Despite Israel’s claim that they are not targeting civilians, the Palestinians in Gaza have suffered tremendously. Since the begining of the Israeli onslaught in Gaza, over 530 Palestinians have been killed– 82 since Saturday. Of that, over 100 deaths have been women and children. In addition to the deaths, over 2,600 people have been injured, and thousands more have fled their homes in order to escape the violence. Humanitarian agencies, such as the UNRWA and UN’s World Food Program, have had difficulty trying to bring food and water to civilians caught up in the violence. Many civilians are stuck in their homes without running water, without electricity, and a dwindling food supply, which they are unable to replenish. In all of the Gaza Strip, there are only two bakeries still open, and there are long lines of people trying to get what little food they can for their families. Hospitals are being overwhelmed and the few medical supplies that they have are being diminished. Some doctors on the ground insist that the body count is much higher, but they cannot get an accurate count because the conflict presents grave danger to ambulances and rescue crews. One ambulance, reportedly, was shelled by an Israeli tank as it was evacuating victims. One paramedic was killed while the other lost his foot.

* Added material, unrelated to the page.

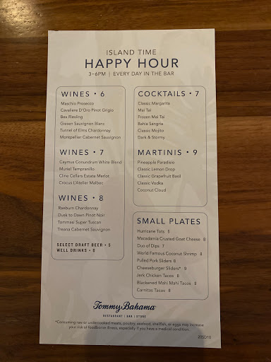 Great experience at Tommy Bahamas. We went for Valentines Day, we arrived about 10 minutes early for our reservations but we were seated right away. Started off with mojitos, were excellent. Crab cake appetizers followed, also excellent. We both had the land and sea off the special Valentines Day menu, began with a very good crab bisque, both the filet mingon and lobster tail were perfectly cooked. We finished with a toasted coconut and pineapple cake, just the right amount of sweetness. The wait staff was polite and attentive, and the atmosphere was great as well, we enjoyed our evening.

So, what’s their aim? Well, according to Israeli officials, they want all rocket firings into Israel to stop. But Israel also wants to topple the Hamas regime, which does not recognize Israel’s right to exist. They are attempting to dismantle their weapons supplies, while at the same time castrate their political power. Also, remember that Israel has elections in February. They certainly aren’t forgetting. This is not the whole story, however: right-wing extremists, who have been in control of Israel’s government since its inception, belive that Gaza (and the West Bank) is rightfully theirs, according to God’s promise. Little by little, there is the hope that they will leave the region altogether, assimilate into neighboring Arab countries, and leave all of Palestine to Israel. Settlers continue to build on Palestinian land, homes are demolished, and Palestinian land continues to be taken. What Israel needs to remember is that the more violence it spreads, the more deaths that are caused, the longer the suffering occurs, the more they are pushing the population of Gaza into the Hamas corner.

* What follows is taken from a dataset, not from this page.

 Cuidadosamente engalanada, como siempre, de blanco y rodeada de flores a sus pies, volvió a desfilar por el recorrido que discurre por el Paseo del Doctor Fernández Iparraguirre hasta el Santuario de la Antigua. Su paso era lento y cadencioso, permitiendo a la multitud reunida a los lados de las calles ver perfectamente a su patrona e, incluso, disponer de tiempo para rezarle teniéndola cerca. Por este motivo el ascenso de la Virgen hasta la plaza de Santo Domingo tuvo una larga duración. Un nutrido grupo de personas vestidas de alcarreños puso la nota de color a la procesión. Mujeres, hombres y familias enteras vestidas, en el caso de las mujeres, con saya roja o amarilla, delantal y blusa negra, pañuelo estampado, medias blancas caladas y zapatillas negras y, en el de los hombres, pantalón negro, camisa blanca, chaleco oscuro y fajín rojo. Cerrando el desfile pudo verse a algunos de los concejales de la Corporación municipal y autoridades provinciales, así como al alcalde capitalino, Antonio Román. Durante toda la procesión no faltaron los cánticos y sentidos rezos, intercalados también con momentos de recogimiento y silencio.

The violence of the last ten days, or so, stems from the failure of both sides to adhere to the terms of the Egyptian brokered truce, which expired December 19, 2008. However, one must recall that Hamas abided by the terms of the cease-fire until Israel’s November 4, 2008 air strike into Gaza that killed five people and wounded many more. As always happens in this region, tensions and violence escalated through a series of retaliatory strikes.

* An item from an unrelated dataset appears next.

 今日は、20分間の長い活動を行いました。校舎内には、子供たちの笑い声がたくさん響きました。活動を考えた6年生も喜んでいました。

French President Nicolas Sarkozy, who has been pressuring both sides to accept a truce, is now in the middle-east. He made stops in Egypt, the West Bank, and Israel today. He met with Palestinian President Mahmoud Abbas in Ramallah, where he gave a press conference condemning both Hamas and Israel. Meanwhile, U.S. UN Ambassador Zalmay Khalilzad has been instructed by State Department Officials (probably including Condoleeza Rice) to torpedo any efforts by the Arabs to request assistance from the UN Security Council. While French President Sarkozy has been even-handed in his criticism, President George W. Bush has continued his unflinching support for Israel: “I understand Israel’s desire to protect itself. The situation now taking place in Gaza was caused by Hamas.” President-elect Obama has been silent on the issue of Gaza. He has continued his mantra: “There is one President at a time.” True, but, like Representative Barney Frank, I think he “seriously overestimates the number of Presidents we have.” I think that since he is going to be President in… 15 days, it matters what he thinks. Since the Bush camp has decided to sit on their hands, he should at least voice an opinion. Perhaps he does not want to express an opinion that is at odds with the current President, thus undermining anything Bush says, but I think that the violence is such that it requires a response.